The flagship response of the Reserve Bank of India to battle the Covid-19 related economic crisis has been reducing the interest rates and disincentivizing saving behaviour in our country. With this step and the availability of a wide range of investing options for retail investors in India, we can make a practical comparison between two interest paying instruments with low or no risk. Fixed deposits and Debt Mutual funds are two front runners in the low or no risk and highly liquid bracket of investments for retail investors in India.
The theme of this small write up will be discussing about the investments and their properties based on a few selected metrics that are important to retail investors according to us.
Before we begin to compare both debt mutual funds and fixed deposits against each other, let us first know a few things about them.
Debt Mutual Fund
Mutual Funds are buckets of investments and a particular aspect defines the type of fund. Debt mutual funds consist of bonds or debentures as investments. The defining aspects for debt mutual funds depend on the underlying bonds’
- Issuer Type
- Time Period (Duration)
- Credit Quality of the Bond
Issuer Type – An issuer of a bond may be a government, municipality, corporation, bank or a Public Sector Undertaking (PSU).
Time Period (Duration) – Like a fixed deposit, every bond also has a maturity date and the time between today and maturity date can be seen as the time period. The longer or shorter the duration the more or less volatility the bond is supposed to experience.
Credit Quality – Not all borrowers have the same credit quality due to which there are higher risk and lower risk bonds as well. Higher risk bonds have a credit risk (risk of getting our principal back) versus lower risk bonds.
Purpose of Investment
For every investment, purpose and time period are very critical aspects that can significantly determine its level of success and suitability in a portfolio. Fixed deposits are conventionally used to get minimum return with no risk and debt mutual are conventionally used to reduce the risk of a well-diversified portfolio and capture some extra yield by taking proportionate risk.
When we try to compare both of these against each other, we are absolutely considering the purpose and the time period aspect and try to compare them on a uniform platform. In this particular write-up, we are trying to substitute the fixed deposit part of investors’ portfolio with appropriate debt mutual funds.

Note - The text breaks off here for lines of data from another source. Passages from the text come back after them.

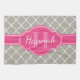 Stylish, trendy grey and white lattice pattern in the background, topped with a hot pink label featuring a customisable name and monogram template.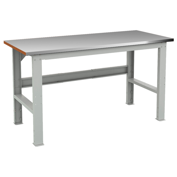- Столешница выполнена из фанеры толщиной 30 мм и стального листа толщиной 3 мм. Лист столешницы окрашен порошковой краской шагрень, цвет серый полуматовый, RAL 7038
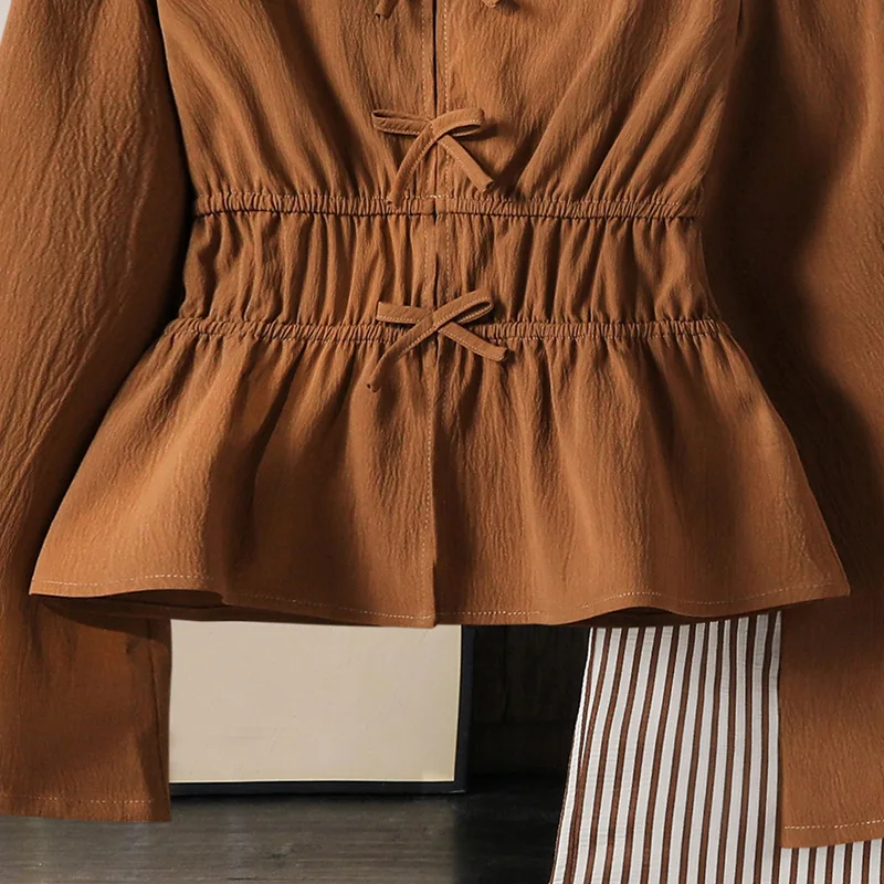 2025 Spring Autumn Girls Clothes Pullover Ruffled Sleeves Bow Top Wide-leg Striped Pants Teenager Suit Kids Designer Clothing

|Metric||Debt Mutual Fund||Fixed Deposit|
|Investment Safety||Safe if right fund is chosen||Very Safe (Nor Risk)|
|Scope of Returns||Variable (Can beat FD rates)||Fixed|
|Tax rate||Capital Gains (low with indexation)||Income tax (High for many investors)|
This is important for all investment purposes but more for emergency fund or a rainy day fund or very short term goals for less than one year. Overnight or good quality liquid debt mutual funds are a great substitute for Fixed deposits considering all other metrics mentioned in the table.
Scope Of Returns
This metric should be considered when the investment horizon is medium to long for a proportionate comparison between these two investments. Banking and PSU Issuer bond funds, government issuer bond funds can be good substitutes for fixed deposits to yield more returns in an investor portfolio considering all other metrics mentioned in the table.
Liquidity not only means how quickly can we convert an investment to cash but also whether we have to pay a penalty for premature withdrawal of our investment. For many fixed deposits, there is a penalty if withdrawn prematurely. Except liquid mutual funds (it is only seven days for these too), no debt mutual fund has an exit load or a penalty whenever redeemed.
This is what we are currently experiencing specifically. All the investors that invested their savings in a five year FD in 2016 at 8% interest rate can only get close to 6% currently which is a regular possibility when it comes to Fixed Deposits. Debt mutual funds average out this phenomenon as their prices go up and down with change in interest rates over the medium to long term.
For any high earning individual, payable tax rupees are very important and fixed deposit interest is taxed at the highest possible income tax slab for an individual investor. This negative impact can be reduced if a debt mutual fund is used as the gains are taxed at capital gains rate which come down further if indexation is used in calculating them (more than three years gain).
Now, how do we determine what kind of a debt mutual fund is a good match for us?
The exercise of noting down our investment purpose, time horizon and measuring their importance against the metrics we have used to compare FD and Debt mutual funds will be helpful. Doing the same exercise with your Investment or Financial Advisor who can pick you the best fund with minimal credit risk (non-negotiable metric for choosing debt mutual funds) can yield the best results.